Interpretation of the results
RCDI values, based on the Mueller et al. (2006) article [1], may allow for an estimation of the translation rate of viral genes in particular, and the whole genome in general. The higher the similarity between viral and host genes (close to an RCDI value of 1), the higher the translation rate is [1]. The first and most straightforward application is to improve expression of proteins in heterologous expression systems, whether increasing the translation rate or manipulating it to obtain proper folding by choosing a sequence with RCDI close to that of the viral natural host. Furthermore, from a genetic point of view, estimation of RCDI may provide insight into the degree of coevolution between hosts and viruses. A low RCDI might indicate high adaptation to a host. Moreover, a high RCDI might also indicate that some genes are expressed in latency phases or even that the virus might present a low replication rate.
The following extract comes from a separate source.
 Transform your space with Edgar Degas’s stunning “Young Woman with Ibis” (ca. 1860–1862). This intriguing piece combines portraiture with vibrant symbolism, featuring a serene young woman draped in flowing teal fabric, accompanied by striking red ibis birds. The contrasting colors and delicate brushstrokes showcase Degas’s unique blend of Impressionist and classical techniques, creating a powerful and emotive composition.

RCDI/eRCDI complements information from other indices
The information gained from the RCDI may be complementary to that of other common indices like CAI [12] or the Effective Number of Codons (ENC) [13]. Figure 1 shows results of RCDI, CAI, ENC and G+C percentage at the third position of the codon (%G+C3) of 2500 viral sequences (chosen randomly from the NCBI genome resources http://www.ncbi.nlm.nih.gov/sites/genome). CAI and RCDI were calculated using the mean codon usage of the human genome as a reference set. As one may expect, there is a certain correlation (R2 = 0.4023) between the ENC and the RCDI (Figure 1a). However, the ENC is a measure of how biased a gene is from an equal use of synonymous codons and it is independent of a reference genome, whereas the RCDI is genome dependent. The indices CAI and RCDI, that are both genome dependent, have a low correlation (R2 = 0.0197), reinforcing the idea that these indices may be complementary (Figure 1b). CAI is a measure of codon usage adaptation to the most used synonymous codons of a reference genome [14] and is commonly used to predict highly expressed genes [15]. On the other hand, the RCDI is used to assess if the codon usage of a gene is similar to the codon usage of a reference genome. In addition figure 1c shows that RCDI values and %G+C3 are linearly independent.
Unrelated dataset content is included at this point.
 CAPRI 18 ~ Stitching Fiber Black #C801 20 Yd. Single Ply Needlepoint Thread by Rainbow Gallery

Both indices, CAI and ENC can be associated with an expected value, the expected CAI by generation of random sequences [9] and an estimated ENC by a formula that uses the %G+C at the third position of the codon [13]. In this article we introduce the eRCDI as a measure to assess the significance of the RCDI value. Thus, based on the RCDI and eRCDI, it is possible to estimate if a gene is deoptimized and if this deoptimization is the product of compositional biases (%G+C and/or amino acid composition).